These records contain pictures, which must be left out; copy exactly the lines from the one with "Beyblade X Shelter" up to and including the one with "Send a beautiful".

=== Available records ===
● ● ● ● ●

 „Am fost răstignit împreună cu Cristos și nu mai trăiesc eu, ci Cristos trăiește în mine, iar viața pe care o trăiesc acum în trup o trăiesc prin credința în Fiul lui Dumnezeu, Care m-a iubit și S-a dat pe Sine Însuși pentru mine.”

● ● ● ● ●

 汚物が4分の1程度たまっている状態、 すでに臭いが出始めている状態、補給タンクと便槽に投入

● ● ● ● ●

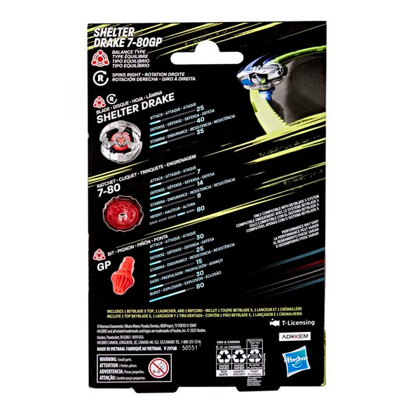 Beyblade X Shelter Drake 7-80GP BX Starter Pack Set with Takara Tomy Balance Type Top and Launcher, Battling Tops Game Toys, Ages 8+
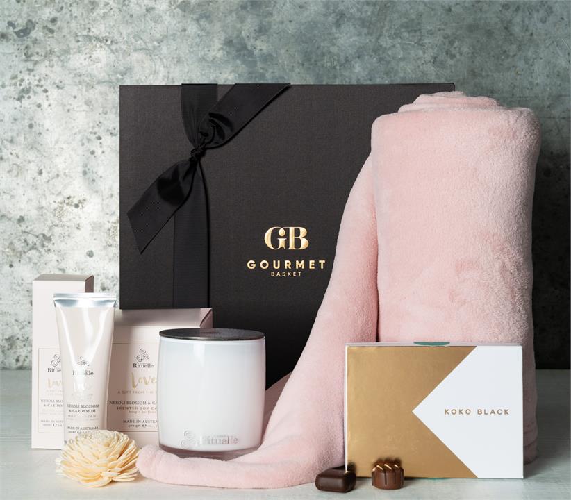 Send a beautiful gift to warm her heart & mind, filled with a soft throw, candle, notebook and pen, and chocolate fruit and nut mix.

● ● ● ● ●

=== Reply to the exercise ===
 Beyblade X Shelter Drake 7-80GP BX Starter Pack Set with Takara Tomy Balance Type Top and Launcher, Battling Tops Game Toys, Ages 8+
 Send a beautiful gift to warm her heart & mind, filled with a soft throw, candle, notebook and pen, and chocolate fruit and nut mix.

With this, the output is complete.